Reading: When Abstract Moralizing Runs Amok
John Lachs
• Callahan also claims that once the principle of taking
life has been “legitimized,” there can be no good moral
reasons for not killing someone for any reason at all.
• Lachs argues that Callahan’s claim rests on the view
that judgments about our suffering and the value of
our lives are subjective (and so not necessarily shared
by others).
• Yet physicians are able to review objectively a patient’s
request to die with respect to the patient’s condition
and situation.
Reading: When Abstract Moralizing Runs Amok
John Lachs
• Contrary to Callahan’s implication, no one has
ever endorsed the principle of autonomy as
absolute. It expresses one value among
others.
• But it recognizes that our lives belong to
ourselves and that society must justify
infringements, and this is what the debate
over euthanasia is about.
Reading: Voluntary Euthanasia: A Utilitarian
Perspective
Peter Singer
• Singer asks what makes it wrong, from a nonreligious view, to kill
any being, including a human.
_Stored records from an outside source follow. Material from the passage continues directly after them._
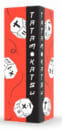 Compartiment qui se glisse dans une boite qui elle-même se glisse dans un couvercle, le secret des dés de combat est bien gardé. Tata moquette, ce n’est au final que trois dés à 8 faces avec des symboles remplaçant les valeurs 1 – 6. On ajoute un truc ou deux un peu plus tordus : x-1, la face vaut 1 ou 10, et T : il faut attraper le dé et crier Tata… Yoyo !
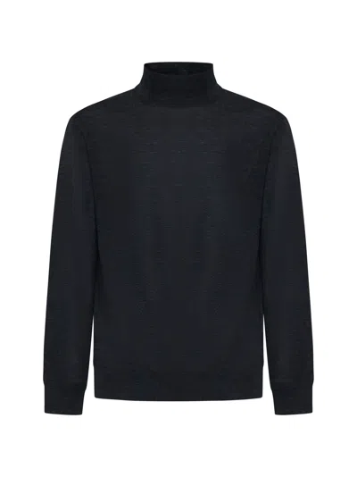 Dark Grey Wool Blend Knit Polo Shirt In Gray
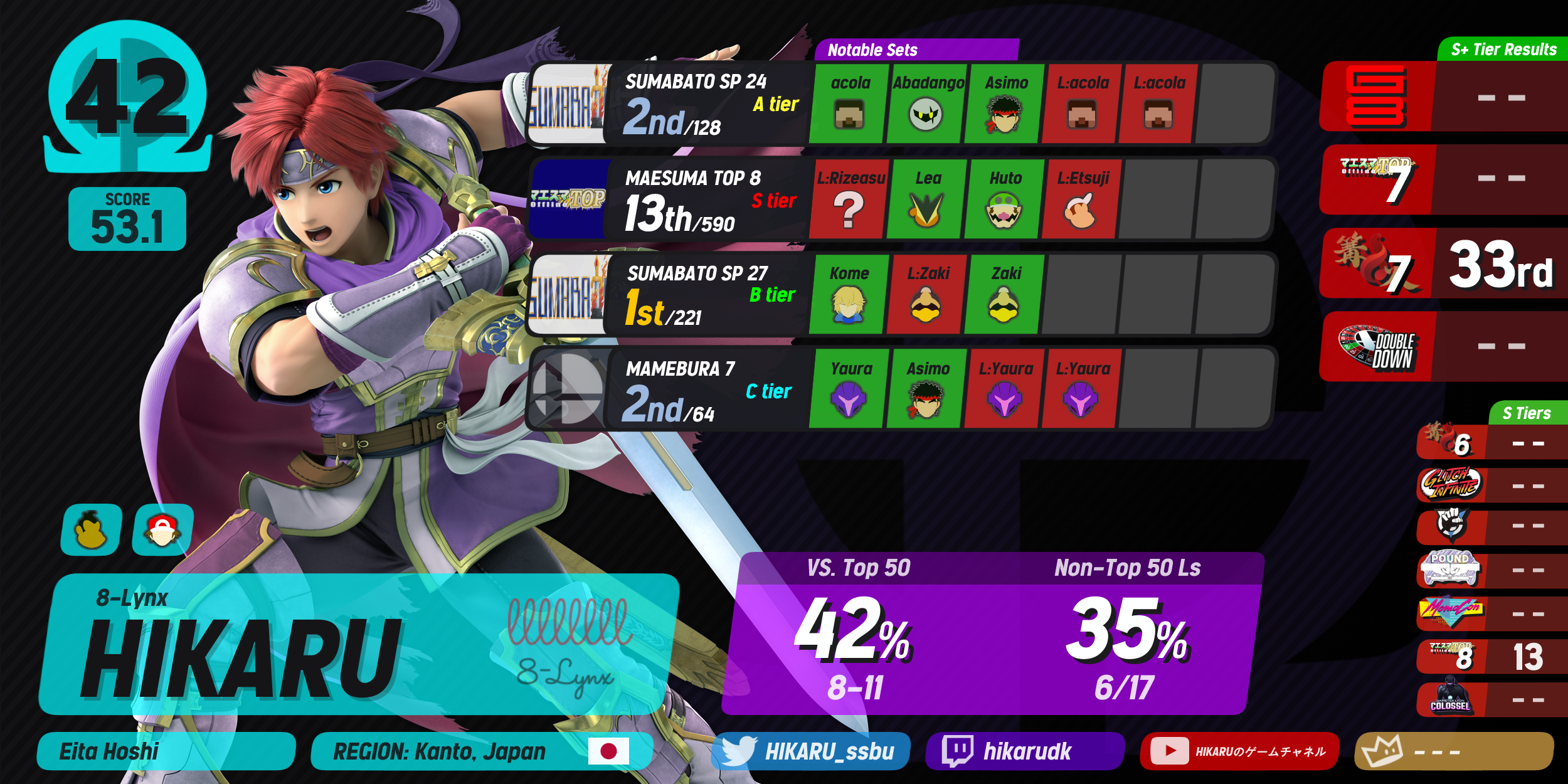 A staple force at tournaments across Japan, Eita “8LX | HIKARU” Hoshi is no stranger to global power rankings, and this season has been his best in Smash Ultimate yet. HIKARU’s peak is a 2nd place finish at Sumabato SP 24, where he defeated sssr 2-1, acola 2-1, Gurudan 2-0, Abadango 3-0, and Asimo 3-2 to make grand finals, before falling to acola 1-3 in both sets of grands. At other events throughout the season, he obtained wins on players like DIO, Huto, KEN, Lea, Toura, and Tsubotsubo. Though he primarily used Roy throughout this season, other characters also made an appearance, with his Donkey Kong notably winning 3-1 over Kome at Winners Finals of Sumabato SP 27.
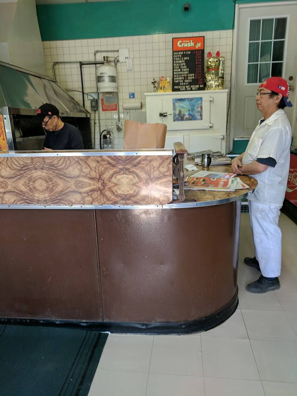 Classic, old school fish and chips place. Takeout only. '60s decor, not a stylistic choice but because nothing's been changed from the '60s. Food can be quite greasy, so sharing one portion between two people is a good idea.
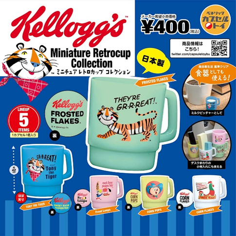 世界的な食品メーカー「ケロッグ」のキャラクターをあしらったミニチュアサイズのカップがカプセルトイになって登場!
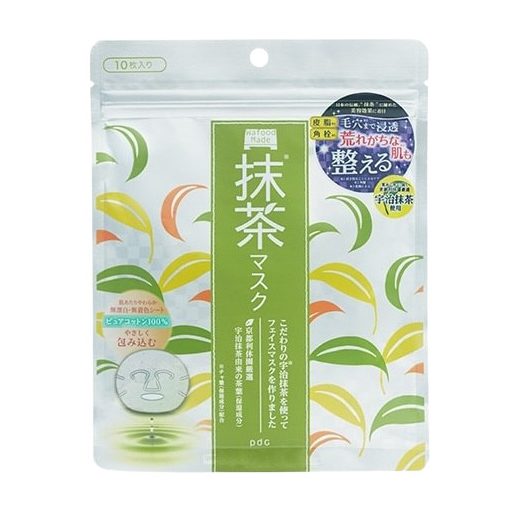 100% tiszta pamutból készült maszk, amely gondosan válogatott Uji Matcha-t tartalmaz.
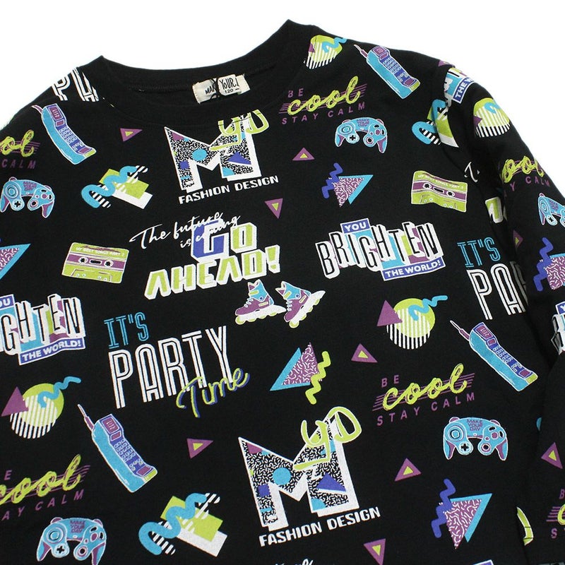 ポップでカラフルな総柄デザインがインパクト抜群。
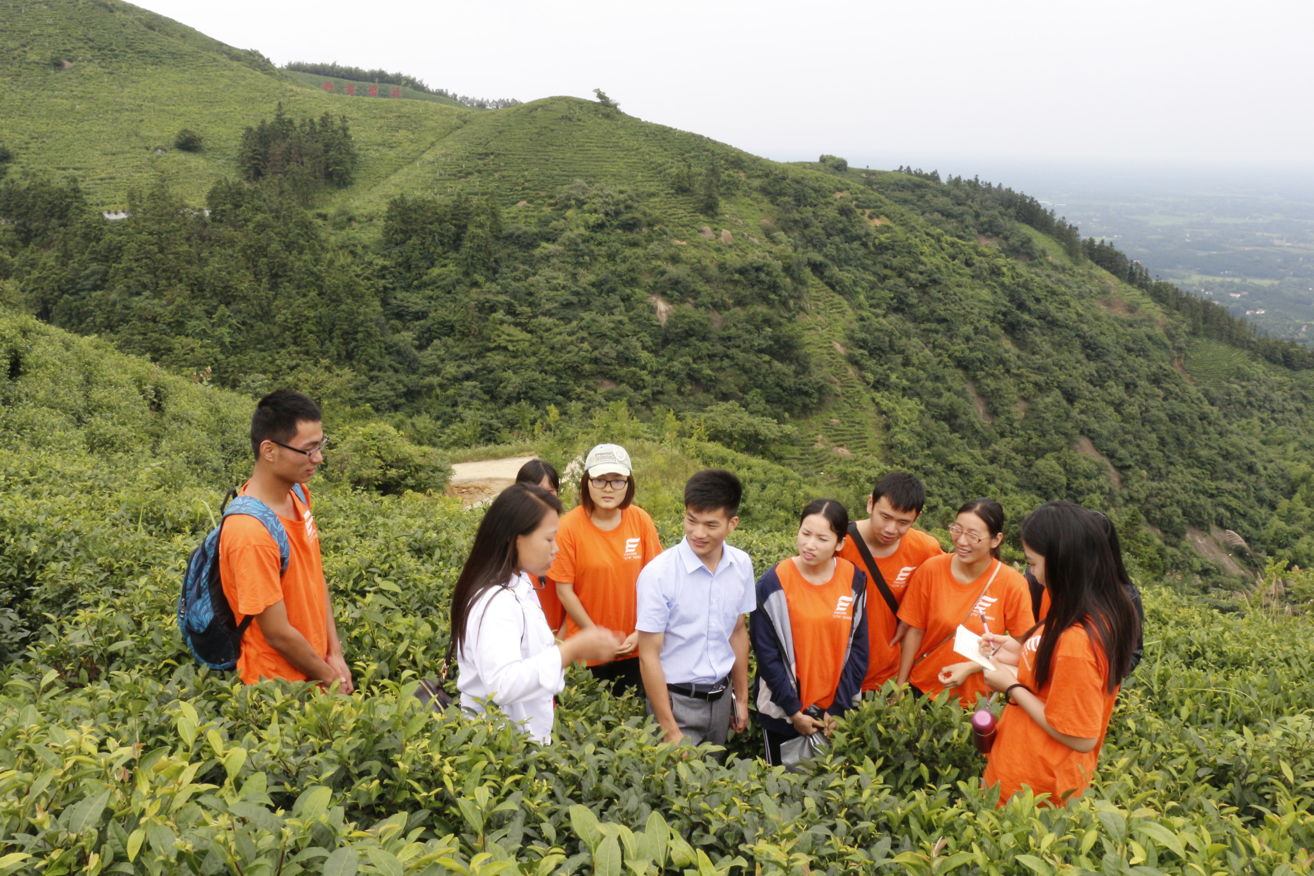 淡淡茶香盈山峦,葱茏绿意重实践。为使我院学子更好地了解信阳茶文化,进一步拓宽同学们的视野。7月6日下午,我院暑期“三下乡”社会实践志愿服务队在我院党总支副书记赵东和2013级辅导员孙太红的带领下来到固始西九华山万亩茶园-信阳毛尖种植基地参观学习。
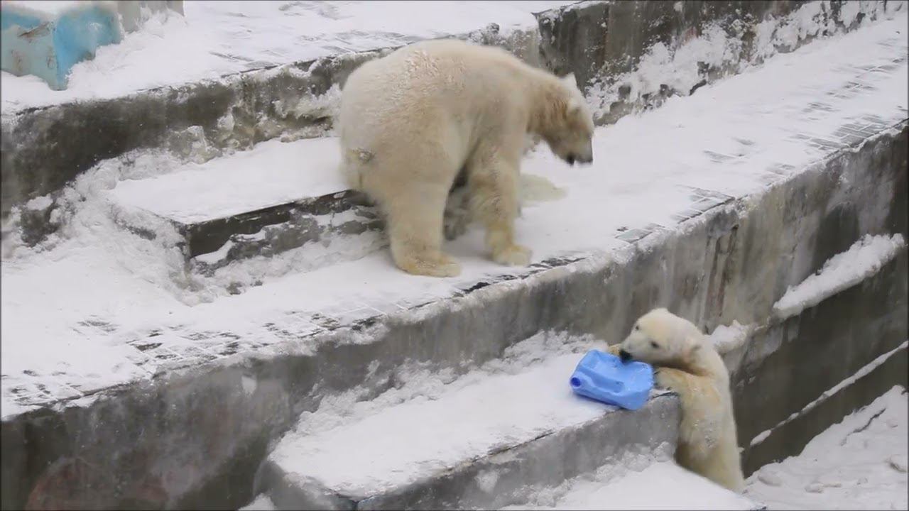 Герда родилась в Москве 20 ноября 2007 года. Её мама Симона, папа Врангель. В Новосибирск переехала 05.08.2008. В 2013 году у Герды и Кая родилась Шилка. В 2015 году она переехала в Японию. В 2015 году родился Ростик. 6 декабря 2018 года он переехал в Китай. В 2018 году родились Норди и Шайна. Данная пара молодых медведей находилась вне экспозиции зоопарка, поэтому посетители не могли их видеть. Передача молодых медведей в другой зоопарк не планируется, — ответили на запрос редакции в пресс-центре мэрии Новосибирска. Но Шайна 20 января 2024 года переехала в Ижевский зоопарк. Белые медведи одиночные животные. Как правило, миролюбивы по отношению друг к другу, но между самцами в брачный период случаются стычки. Взрослые самцы могут нападать на медвежат. Гон с марта по июнь. Продолжительность жизни — максимум 25—30 лет; в неволе рекорд долгожительства — 42 года. Вес очень крупных самцов в некоторых частях ареала 700 и даже 800 кг: есть данные о зверях весом до 1000 кг. Обычно вес меньше. Самки всегда не только меньше, но и значительно легче самцов. Так, самцы в восточной Гренландии в состоянии нормальной упитанности весят 400—450 кг, хорошо упитанные — до 500 кг, самки, даже очень сытые, здесь же редко весят больше 350—380 кг, т. е. их вес составляет около 75% веса самцов. Длина тела на 3-й день после рождения 28—32 см, средний вес — около 755 г (650—840 г). На 26-й день длина тела увеличивается незначительно — до 35—38 см, а вес возрастает до 1125—1275 г. В возрасте 60 дней самцы весят около 7 кг, самки — около 6 кг при длине тела у первых 58—60 см, у вторых 54—58 см. В возрасте 4 месяца медвежата достигают веса 22—23 кг, в 6-месячном возрасте при длине около 110 см — 40—43 кг, в 8-месячном — 58—62 кг. Длина тела в возрасте с 6 до 9 месяцев нарастает по 6—7 см в месяц. Во время зимнего сна рост почти прекращается. В зоопарке медведей кормят утром морской рыбой, хлеб с рыбьим жиром внутри, морковь, яблоки, морская капуста, яйцо дают сырое. Медвежат подкармливают молоком из соски. На ужин мясо (говядина, конина, куры или индейка). Летом и осенью арбузы, дыни, ранетки, кабачки, тыквы, огурцы. Когда показательное кормление летом бросают живую рыбу. Медвежата с медведицей находятся до 2-х лет. 16 декабря 2022 года Герда родила 2-х медвежат. И это две девочки! Имена дали 25 июня. Медвежат зовут Стрелка и Белка. Обзор вольеров белых медведей https://www.youtube.com/watch?v=mAt_b7JD0B4&list=PLGvf0V-rAHxkpGKJaWIZIUxRKgKiqV3xZ&index=17&t=0s

The utilitarian answer, which he
accepts, is that killing ends the possibility that the being can
experience whatever further good life holds.
• For a “hedonistic utilitarian” this means happiness, and for a
“preference utilitarian” it means the satisfaction of preferences.
Thus, when unhappiness or the frustration of preferences
outweighs life’s positive elements, killing is preferable to not killing.
• Singer addresses only voluntary euthanasia (including assisted
suicide) and accepts Mill’s view that individuals are the best judges
of their own interests and should be allowed to decide when the
good things of life are outweighed by the bad, making death
desirable.
Reading: Voluntary Euthanasia: A Utilitarian
Perspective
Peter Singer
• He argues that the right to life should be viewed as an option, not
as inalienable, which would make life a duty.
• It is necessary to determine that candidates for voluntary
euthanasia are competent to make decisions and have access to
palliative care, but in some instances even depressed people may
be acceptable candidates.
• Finally, Singer asks whether allowing voluntary euthanasia would
lead to the deaths of vulnerable individuals pressured into
consenting to involuntary killing, then points to studies in the
Netherlands and Oregon showing that the evidence does not
support this view.
• He concludes that the utilitarian case for allowing patients to
choose euthanasia is strong.
Section 4: Deciding for the Incompetent
• In many cases of where euthanasia might be considered,
the patient is unquestionably alive and capable making an
autonomous decision and the moral question, as explored
in sections 1-3, is whether it is ethically acceptable to end
the patient’s life at his request.
• The court decision in the case of Karen Quinlan, discussed
here, looks at questions that arise when the patient is
incapable of exercising autonomy and so is incompetent to
even make a request to die. In particular, it examines the
legitimacy of having others make the decision to end a
person’s life for that person.
Reading: In the Matter of Karen Quinlan, an Alleged
Incompetent
Supreme Court of New Jersey
• The 1976 decision of the New Jersey Supreme Court in the
case of Karen Quinlan was significant in establishing that a
legally based right of privacy permits a patient to decide to
refuse medical treatment.
• The court also held that this right can be exercised by a
parent or guardian when the patient herself is in no
position to do so.
• Thus, in the opinion of the court removal of life-sustaining
equipment would not be a case of homicide (or any other
kind of wrongful killing), even if the patient should die as a
result.
Reading: In the Matter of Karen Quinlan, an Alleged
Incompetent
Supreme Court of New Jersey
• The ruling in the Quinlan case has had an
enormous impact on decisions about
discontinuing extraordinary medical measures.
• However, the ruling has generally been construed
rather narrowly so as to apply only to mentally
incompetent patients who are brain dead,
comatose, or in an irreversible coma.